In our example above we added name as a lookupKey to our Artist model. This means a few things:

  1. We must provide a name when we create an Artist.
  2. name as with any lookupKey MUST be unique
  3. We must provide the name when removing an Artist as it is now the primary key of a different table.
  4. When updating an Artist, a fully formed previous value must be given or else an implicit find operation will happen in order to properly assess if a lookupKey has changed.
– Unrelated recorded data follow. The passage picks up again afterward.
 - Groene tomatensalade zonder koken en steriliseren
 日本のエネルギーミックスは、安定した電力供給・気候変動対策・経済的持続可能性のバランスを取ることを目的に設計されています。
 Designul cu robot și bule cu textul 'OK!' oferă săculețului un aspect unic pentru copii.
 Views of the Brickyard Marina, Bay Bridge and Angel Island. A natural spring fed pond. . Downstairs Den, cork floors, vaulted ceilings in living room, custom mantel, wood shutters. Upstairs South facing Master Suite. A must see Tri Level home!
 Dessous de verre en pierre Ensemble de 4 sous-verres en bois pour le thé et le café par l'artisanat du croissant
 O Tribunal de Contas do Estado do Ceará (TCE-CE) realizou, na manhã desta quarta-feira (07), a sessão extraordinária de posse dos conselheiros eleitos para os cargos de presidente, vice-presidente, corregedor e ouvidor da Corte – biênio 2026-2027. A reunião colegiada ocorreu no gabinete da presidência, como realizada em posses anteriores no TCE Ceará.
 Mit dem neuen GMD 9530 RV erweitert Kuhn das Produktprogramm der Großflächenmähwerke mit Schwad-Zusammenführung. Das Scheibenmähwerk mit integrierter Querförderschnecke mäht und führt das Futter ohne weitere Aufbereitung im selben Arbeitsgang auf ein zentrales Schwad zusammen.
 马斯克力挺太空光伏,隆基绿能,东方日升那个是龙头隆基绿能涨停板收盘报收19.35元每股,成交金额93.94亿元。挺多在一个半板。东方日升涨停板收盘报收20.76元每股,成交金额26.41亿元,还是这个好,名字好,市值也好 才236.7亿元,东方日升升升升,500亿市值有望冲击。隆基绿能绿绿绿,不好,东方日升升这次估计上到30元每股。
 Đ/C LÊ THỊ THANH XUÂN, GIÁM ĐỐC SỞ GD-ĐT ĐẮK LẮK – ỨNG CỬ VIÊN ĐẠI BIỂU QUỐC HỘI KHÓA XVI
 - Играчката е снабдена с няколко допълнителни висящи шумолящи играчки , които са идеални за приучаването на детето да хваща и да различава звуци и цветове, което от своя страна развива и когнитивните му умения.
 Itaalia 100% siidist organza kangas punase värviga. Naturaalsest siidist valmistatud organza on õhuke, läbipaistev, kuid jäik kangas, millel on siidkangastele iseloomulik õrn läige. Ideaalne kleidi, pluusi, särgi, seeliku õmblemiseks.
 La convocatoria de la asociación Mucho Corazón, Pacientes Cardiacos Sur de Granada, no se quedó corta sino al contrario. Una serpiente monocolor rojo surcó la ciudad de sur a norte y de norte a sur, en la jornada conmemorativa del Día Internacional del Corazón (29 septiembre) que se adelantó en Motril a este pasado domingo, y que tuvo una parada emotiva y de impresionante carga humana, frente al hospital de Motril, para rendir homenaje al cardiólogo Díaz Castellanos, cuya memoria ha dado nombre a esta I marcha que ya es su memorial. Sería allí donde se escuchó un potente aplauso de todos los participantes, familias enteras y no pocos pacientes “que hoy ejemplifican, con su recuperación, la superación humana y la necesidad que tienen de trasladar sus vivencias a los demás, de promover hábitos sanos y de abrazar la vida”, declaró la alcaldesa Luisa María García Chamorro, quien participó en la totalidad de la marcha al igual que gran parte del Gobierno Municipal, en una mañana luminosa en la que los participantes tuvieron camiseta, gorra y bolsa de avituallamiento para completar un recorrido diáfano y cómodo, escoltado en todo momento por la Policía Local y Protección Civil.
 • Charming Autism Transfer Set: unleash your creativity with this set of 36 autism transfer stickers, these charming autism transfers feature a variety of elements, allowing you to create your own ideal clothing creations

Keeping these restrictions in mind, we can now have fast lookups by name without having to worry about too much.

Artist.findOne({
  name: 'kurt cobain'
}, function (err, artist) {
  if (err) /* handle me */ return;
  console.log('Fetched artist by name!');
});

Model.create

Once you have created a Model using datastar.define you can start creating records against the Cassandra database you have configured in your options or passed to datastar.connect:

const cql = datastar.schema.cql;

const Beverage = datastar.define('beverage', {
  schema: datastar.schema.object({
    'beverage_id': cql.uuid({ default: 'v4' }),
    'name': cql.text(),
    'type': cql.text().allow(null),
    'sugar': cql.int(),
    'notes': cql.text(),
    'otherIngredients': cql.map(cql.text(), cql.text()),
    'tags': cql.set(cql.text()),
    'siblings': cql.set(cql.uuid())
  }).partitionKey('beverage_id'),
});

Beverage.create({
  name: 'brawndo',
  sugar: 1000000,
  notes: "It's got what plants crave"
}, function (err) {
  if (err) /* handle me */ return;
  /* create is completed */
});

The create method (like all CRUD methods) will accept four different arguments for convenience:

// Create a single model with properties
Model.create(properties);
Model.create({ entity: properties });
Model.create({ entities: properties });

// Create a two models: one with properties
// and the second with properties2
Model.create({ entities: [properties, properties2] })

Model.update

Updating records in the database is something that is fairly common. We expose a simple method to do this where you just provide a partial object representing your Beverage and it will figure out how to update all the fields! Lets see what it looks like.

//
// For the simple case update some basic field
//
Beverage.update({
  name: 'brawndo',
  sugar: 900000000,
  notes: "It's got what plants crave, now with more sugar!",
  //
  // This value will get merged in with whatever keys currently exist for this
  // `map`
  //
  otherIngredients: {
    energy: '9001'
  },
  //
  // This replaces the set that currently exists in the database with these
  // values
  //
  tags: ['healthy', 'energy', 'gives you wings']
}, function (err) {
  if (err) /* handle me */ return;
  /* update is completed */
});

It even supports higher level functions on set and list types. Lets look at what set looks like. (list covered father down)

Beverage.update({
  name: 'brawndo',
  //
  // The keys of this object are the `actions` that can be made on the set in
  // cassandra. This allows us to understand which CQL to be sent when updating.
  //
  tags: {
    add: ['amazing', 'invincible'],
    remove: ['gives you wings']
  }
}, function (err) {
  if (err) /* handle me */ return;
  /* update success */
});

If we decide to create a model that needs to use Lookup Tables, we require a previous value to be passed in as well as the entity being updated. If no previous value is passed in, we will implicitly run a find on the primary table to get the latest record before executing the update. This previous value is required because we have to detect whether a primaryKey of a lookup table has changed.

IMPORTANT:

If you have a case where you are modifying the primaryKey of a lookup table and you are PASSING IN the previous value into the update function, that previous value MUST be a fully formed object of the previous record, otherwise you are guaranteed to have the changed lookup table go out of sync. Passing in your own previous value is done at your own risk if you do not understand this warning or the implications, please post an issue.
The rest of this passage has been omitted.